**Activity**
Please restate the listing word for word, omitting the images.

**Data below**
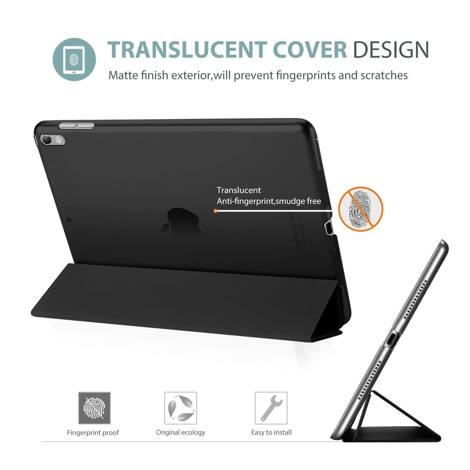 【新着商品】ProCase iPad Air 3 2019 / iPad Pro 10.5" 2017 用ケース 超スリム 三つ折スタンド オートスリープ 半透明フロスト バックカバー - ブラック
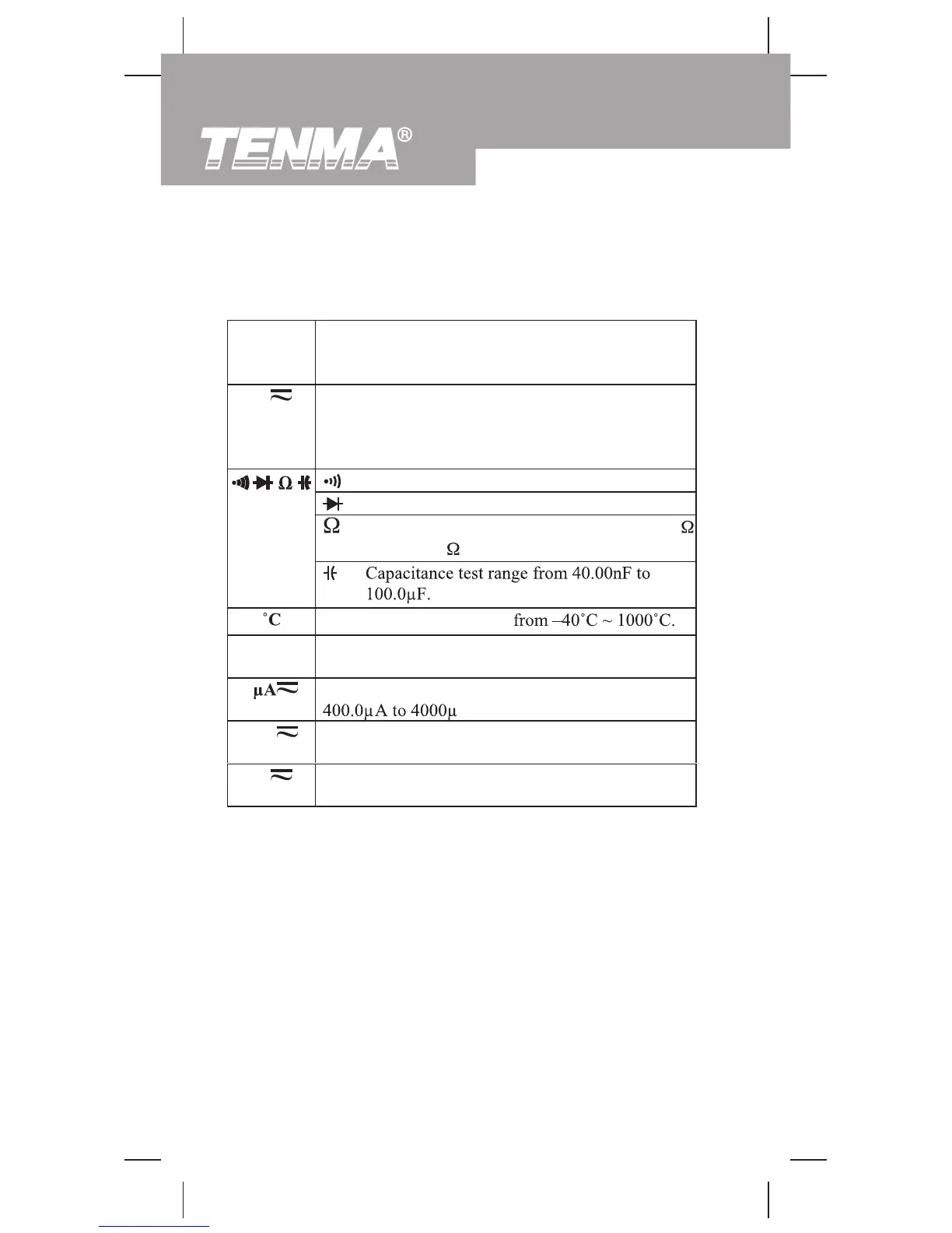AC voltage measurement range from 4.000V to
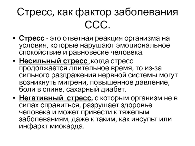 Стресс, как фактор заболевания ССС.Стресс - это ответная реакция организма на условия, которые нарушают эмоциональное спокойствие и равновесие
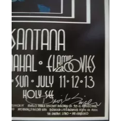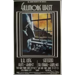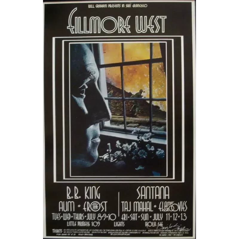 Vintage concert poster designed and hand signed by David Singer for Blues legend BB King and Santana's 1969 Fillmore West shows

**Solved problem**
 【新着商品】ProCase iPad Air 3 2019 / iPad Pro 10.5" 2017 用ケース 超スリム 三つ折スタンド オートスリープ 半透明フロスト バックカバー - ブラック
AC voltage measurement range from 4.000V to
 Стресс, как фактор заболевания ССС.Стресс - это ответная реакция организма на условия, которые нарушают эмоциональное спокойствие и равновесие
 Vintage concert poster designed and hand signed by David Singer for Blues legend BB King and Santana's 1969 Fillmore West shows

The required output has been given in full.